Karena itu, edukasi dan sosialisasi baik kepada anak dan keluarga harus terus disuarakan agar mereka bisa membentengi diri dari risiko TPPO. Di sisi lain, Lia berharap kepolisian dapat segera mengusut tuntas kasus ini agar tidak ada lagi anak yang menjadi korban TPPO.
Setelah bertemu dengan OM di salon A justru langsung ditawari pekerjaan open BO. Korban menolak, tetapi tetap dipaksa.
Kepala satuan Reserse Kriminal Kepolisian Resor Metro Bekasi Kota Ajun Komisaris Besar Muhammad Firdaus mengatakan, pihaknya menangkap D di Pondok Gede, Kota Bekasi, karena terlibat menjual seorang anak perempuan berinisial A (15) kepada pria hidung belang lewat aplikasi MiChat.

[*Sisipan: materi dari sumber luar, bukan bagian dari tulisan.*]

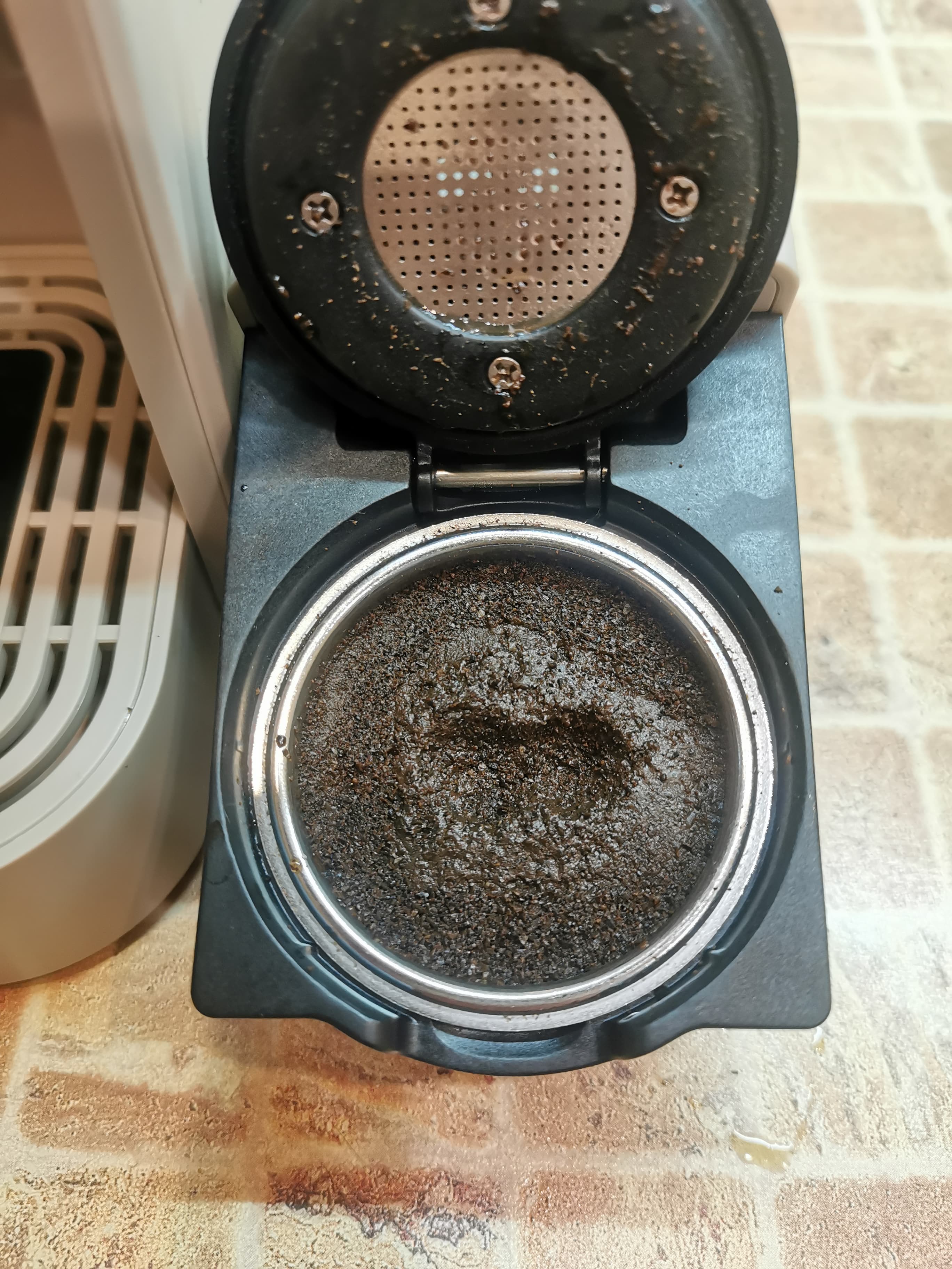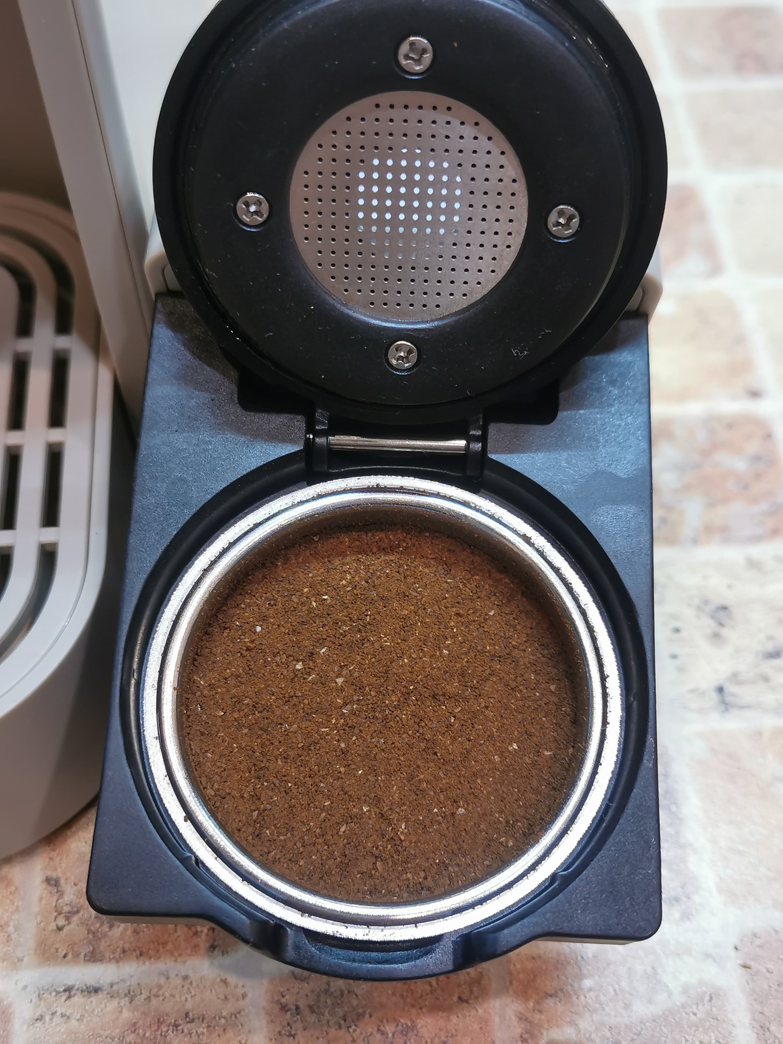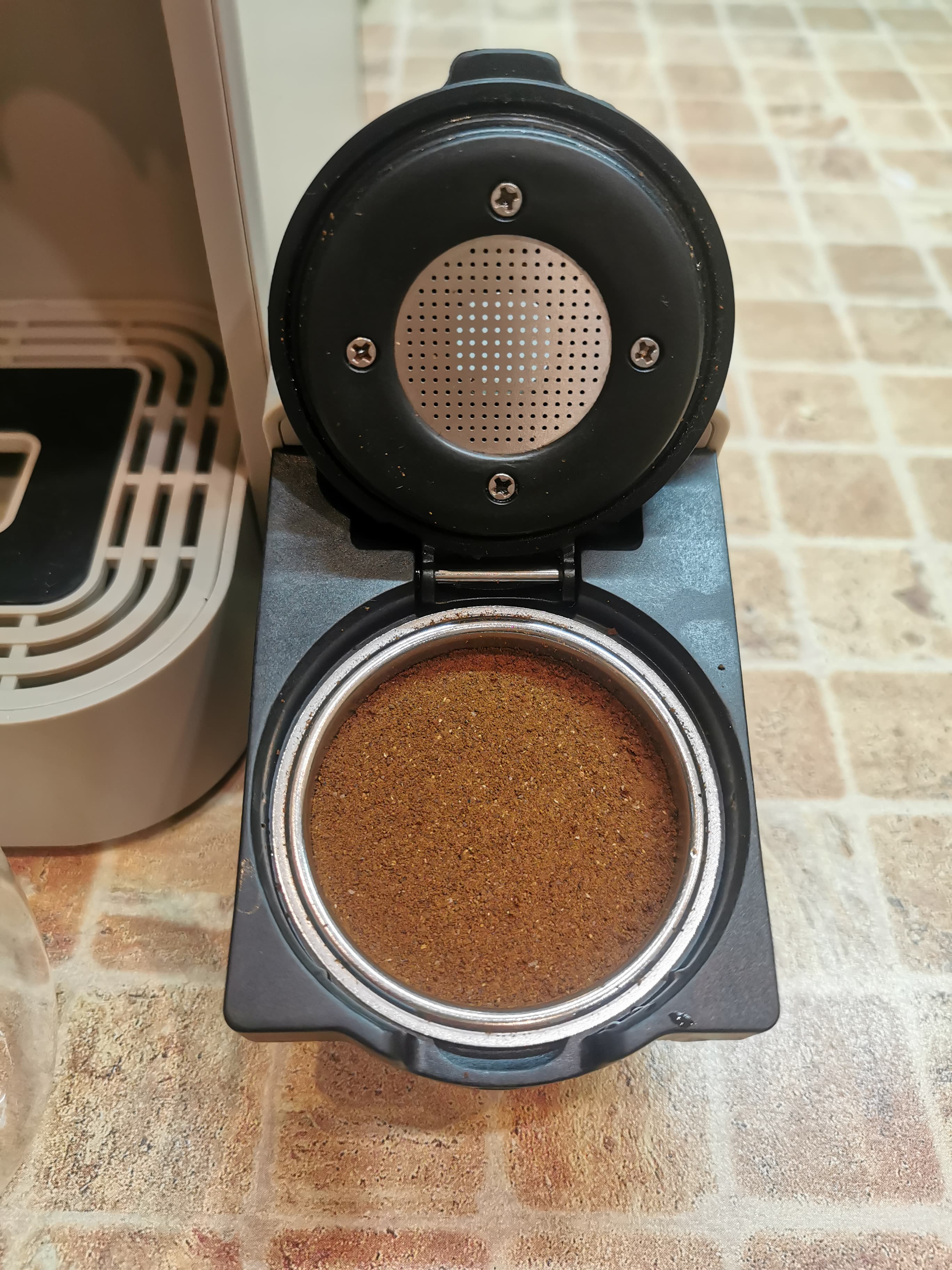 Таблетка подошла по размерам для данного фильтра, и крышка адаптера комфортно закрылась перед его установкой в кофемашину. Мы решили попробовать приготовить порцию эспрессо.

”Kami tangkap dini hari tadi (Jumat) sekitar pukul 00.30. Kami masih dalami selidiki keterlibatan OMA seorang mucikari yang bekerja sama dengan tersangka. (Selain A), ada dua korban remaja lainnya,” kata Firdaus.
Terungkapnya kasus TPPO itu berawal dari laporan orangtua korban yang berhasil kabur dari lokasi rumah prostitusi di Pondok Gede. A berhasil kabur karena berpura-pura ingin mengambil pakaian dan berjanji akan kembali lagi. Namun, A tidak pernah kembali dan langsung menceritakan kejadian buruk yang ia alami kepada orangtuanya.
Adapun korban bisa berkenalan dengan tersangka dari sebuah aplikasi kencan daring pada Juni 2023 lalu. Setelah beberapa bulan perkenalan tersangka D menjanjikan A pekerjaan dan jalan-jalan ke Bali pada Oktober 2023. Sebelum berangkat, A diminta bertemu dulu dengan OM yang diakui sebagai nenek D.
”Setelah bertemu dengan OM di salon A justru langsung ditawari pekerjaan open BO (pekerja seks). Korban menolak, tetapi tetap dipaksa. (Tersangka D), kami sangkakan dengan pasal berlapis, Undang-Undang (UU) Perlindungan Anak dan UU TPPO,” ujar Firdaus.
Berdasarkan pemeriksaan, lanjutnya, korban sama sekali tidak mengetahui jika tawaran pekerjaan dari tersangka D adalah sebagai pelayan pria hidung belang. Korban diimingi penghasilan besar, tempat tinggal, dan bisa mengirim uang ke orangtua.